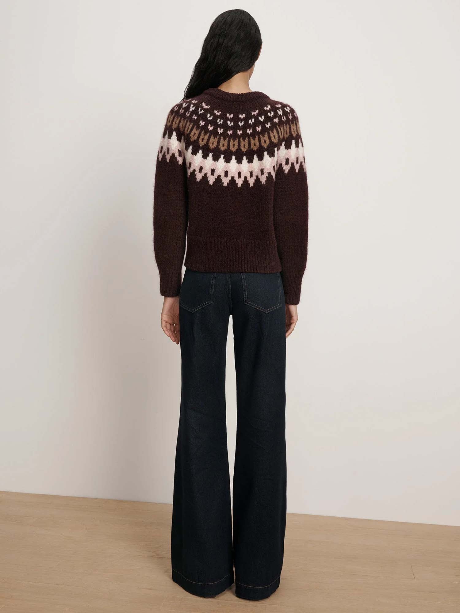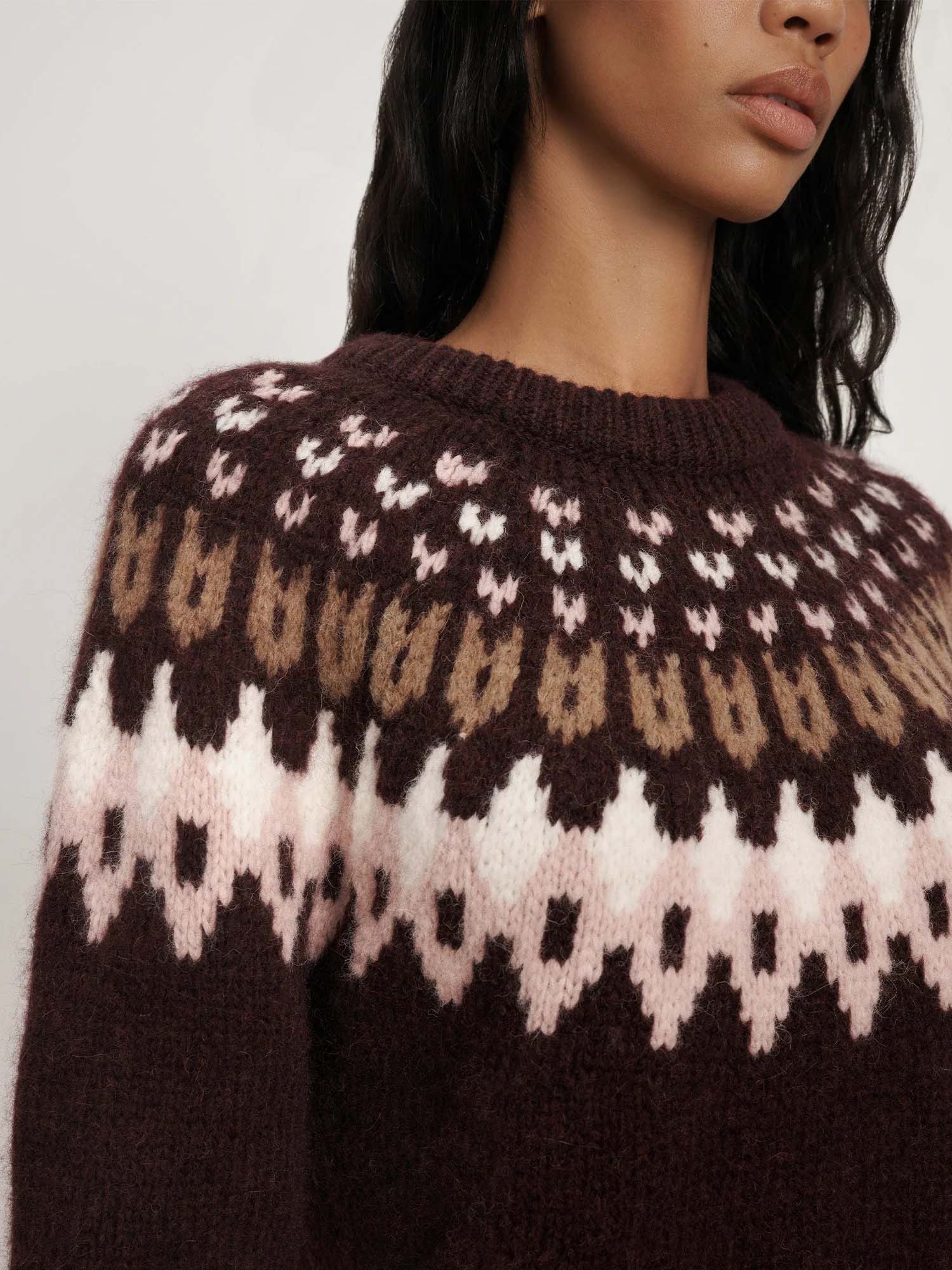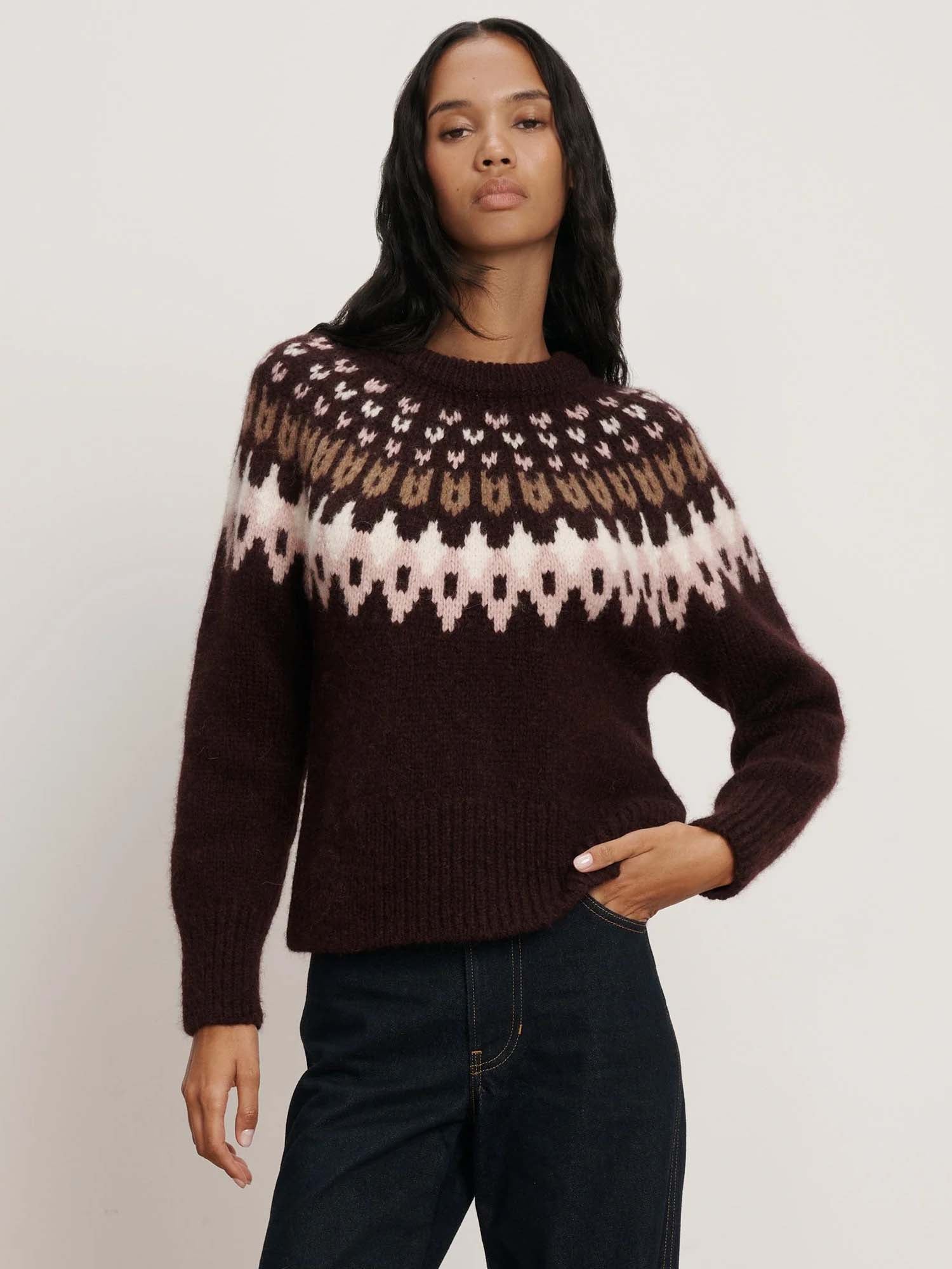No wardrobe is complete without a great Fair Isle knit. Spun from a luxuriously soft baby alpaca and merino wool blend, the maroon Anne sweater features a relaxed fit and slightly boxy shape that hits at the high hip. A classic crew neckline and chunky ribbing at the cuffs, neck, and hem complete the look of this nordic sweater. Pair with jeans for ease and a maxi skirt for polish.
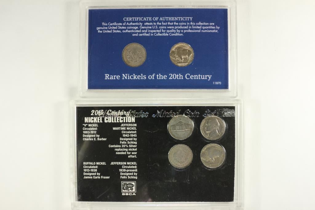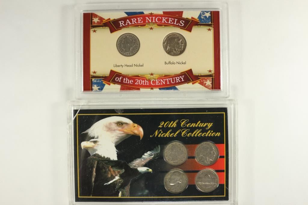 LIBERTY "V" NICKEL AND BUFFALO NICKEL AND THE SECOND SET IS 20TH CENTURY NICKEL COLLECTION CONTAINS: LIBERTY "V" NICKEL, BUFFALO NICKEL, 35% SILVER JEFFERSON WAR NICKEL AND JEFFERSON NICKEL
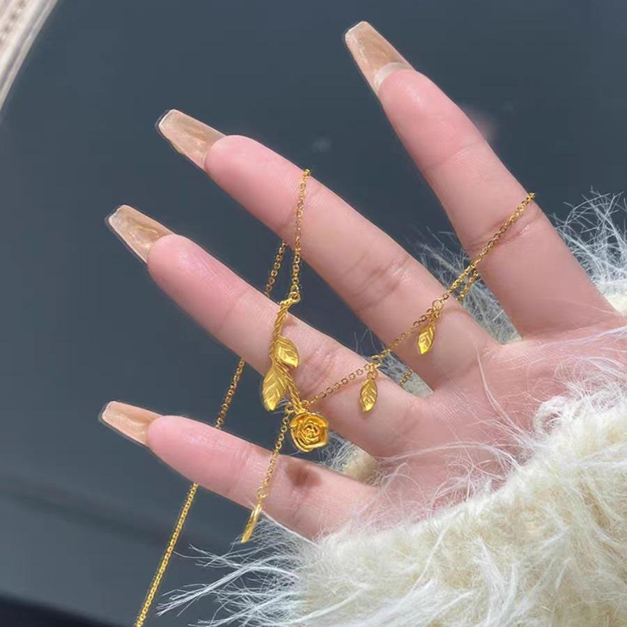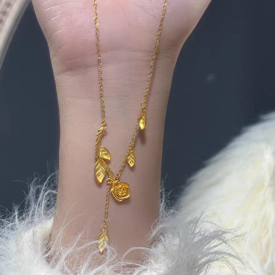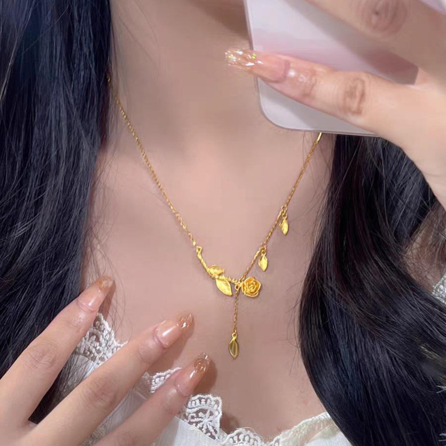 Nuevo collar de rosa dorado tienda con borla dorado collar de clavícula para damas joyería al por mayor

__YOUR INSTRUCTIONS__: Everything in the data except the pictures must be retyped exactly.

__ANSWER TO THIS PROBLEM__:
No wardrobe is complete without a great Fair Isle knit. Spun from a luxuriously soft baby alpaca and merino wool blend, the maroon Anne sweater features a relaxed fit and slightly boxy shape that hits at the high hip. A classic crew neckline and chunky ribbing at the cuffs, neck, and hem complete the look of this nordic sweater. Pair with jeans for ease and a maxi skirt for polish.
 LIBERTY "V" NICKEL AND BUFFALO NICKEL AND THE SECOND SET IS 20TH CENTURY NICKEL COLLECTION CONTAINS: LIBERTY "V" NICKEL, BUFFALO NICKEL, 35% SILVER JEFFERSON WAR NICKEL AND JEFFERSON NICKEL
 Nuevo collar de rosa dorado tienda con borla dorado collar de clavícula para damas joyería al por mayor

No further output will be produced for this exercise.